All Important Question: 2WD vs AWD vs 4WD

We have come across all sorts of SUV’s claiming to be either two wheel drives, all wheel drives or four wheel drives. It is crucial to understand these differences before spending your hard earned money. Your reasons to purchase any one of these drivetrains would lie in the usage of your vehicle.

Two Wheel Drive
If you use your vehicle for daily commutes in the city or longer drives on paved roads, ideally this is the best kind of vehicle to purchase. These are vehicles where the engine only powers the front or the rear wheels through an open front or open rear differential respectively. This open differential allows the tyres to move at different speeds to compensate for a turning vehicle as the outer tyres will travel a longer distance as compared to the inner tyres while turning.

All Wheel Drive
These SUV’s would be best suited for the weekend camper who likes to drive on unsealed roads to get there. The power from the engines in this case, is sent from the engine to all four wheels through an open central differential. Again, the open differential helps in being able to turn the vehicle without snapping a CV shaft!

The benefits of these vehicles are endless. From them, safety is something that always springs to mind! During difficult driving conditions, having power in all four wheels will ensure greater traction as compared to a two wheel drive, hence making it safer behind the wheel for you and your family.

Keeping these benefits in mind, it is also important to understand that these vehicles are not the best choice for real bush work. The drawback of this system comes in when one tyre is lifted off the ground, which is very much a possibility when on off-road tracks. As soon as this happens, all the power from the engine is sent to the tyre with the least amount of traction. This results in you coming to a complete halt with one freely spinning tyre. Modern SUV’s today are fitted with a lot of driver aids to try and overcome this issue.

Four Wheel Drive
This is where things get interesting. In order to overcome the drawbacks of all wheel and two wheel drive systems, four wheel drives were invented! These vehicles are best suited for some real off road driving. While on road, these vehicles are configured to act like either two wheel drive or all-wheel drive systems.
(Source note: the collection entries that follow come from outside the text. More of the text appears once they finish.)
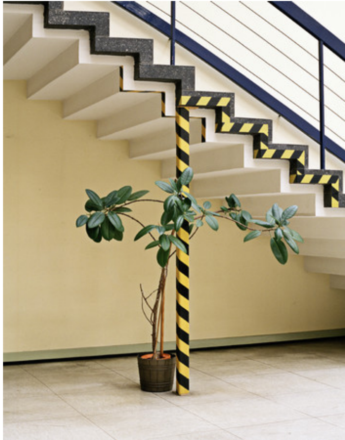
Europäisches Patent- und Markenamt, Berlin

LANDSCAPE / TRAVEL / ARCHITECTURE / STILLS / PORTRAIT / PEOPLE / EDITORIAL / CORPORATE / SCIENCE / HEALTH / EVENT PHOTOGRAPHY / MULTIMEDIA
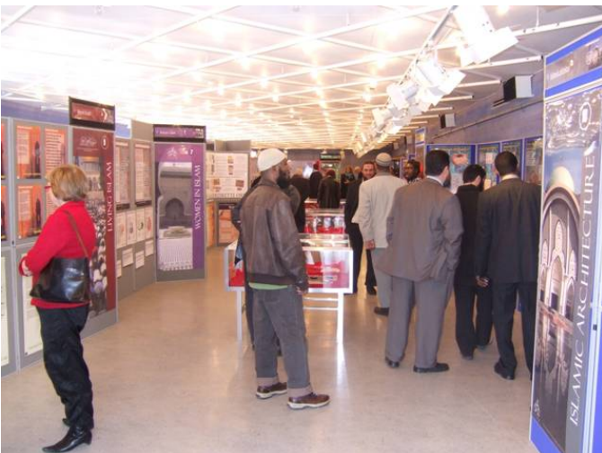
...Closely followed by Women in Islam and the systems of Islam, both of which raised great interest and discussion...
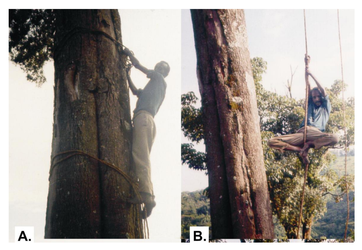
Figure 3. Beekeepers climbing on long trees to hang traditional hives using rope (A) and climbers "Hareg" (B).

and wax together in Kaffa and Sheka Zone, but in Bench-Maji Zone they are using bark and scrap of C. africana after the log hive construction.
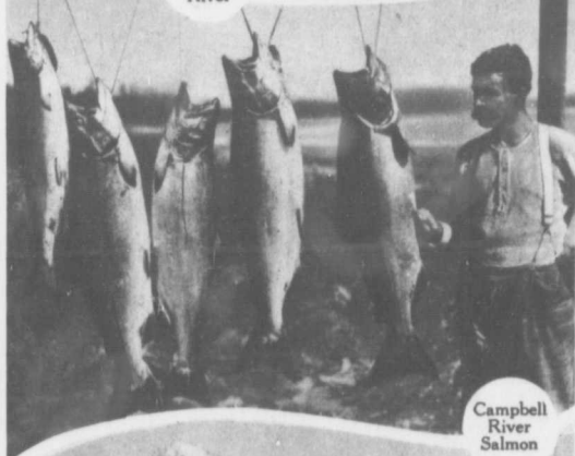
Campbell River Salmon
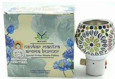
NAV KAR MANTRA AROMA BURNER
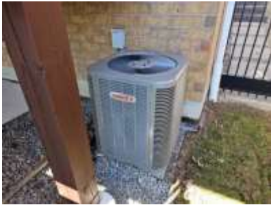
Pic. 4: AC unit 2022
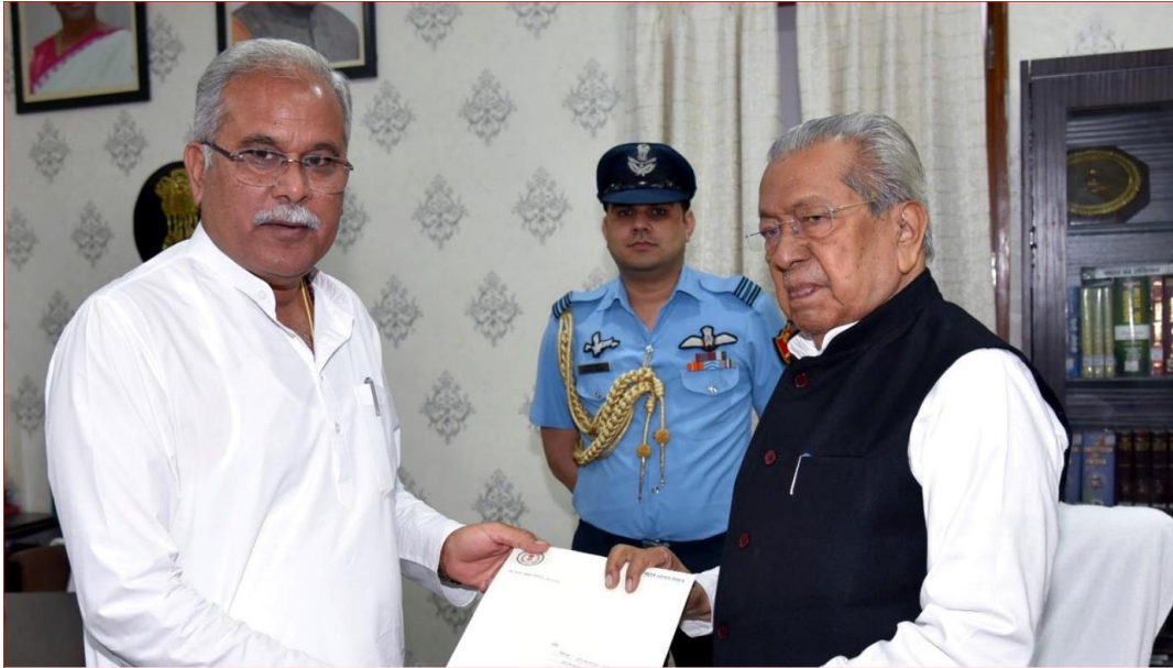
December 3, 2023: Nava Raipur, Chhattisgarh, India: CM Bhupesh Baghel tenders his resignation to Governor Biswabhusan Harichandan at Raj Bhavan

December 3, 2023: New Delhi, India: The results of Chattisgarh stunned all the Election Psephologists, with BJP winning in all the regions of the State, including the tribal belts of Bastar and Sarguja . The tribals and women are supposed to have powered the surprising victory of BJP over INC.

What sets these apart from the rest is the presence of a lockable central differential. In a lot of older vehicles, the driver could lock the central differential using a mechanical gear lever, today most vehicles are equipped with a button or a knob to do the same.

Locking the central differential ensures a 50:50 ratio powersplit between the front and rear axles. This means that once locked, the power is equally divided between the two axles, ensuring higher levels of traction on demand!

Given the benefits of such vehicles, one must also understand the drawbacks. These vehicles usually are costlier on the back pocket due to higher fuel consumption and higher maintenance costs! Do note that locking the central differential does not mean 100% traction, the vehicle still has an open front differential and an open rear differential which would send all the power available to them, to the tyre with the least traction on the given axle. The best way to overcome this, is by installing front or rear differential locks. Some car manufacturers are even selling these as factory equipment on their vehicles.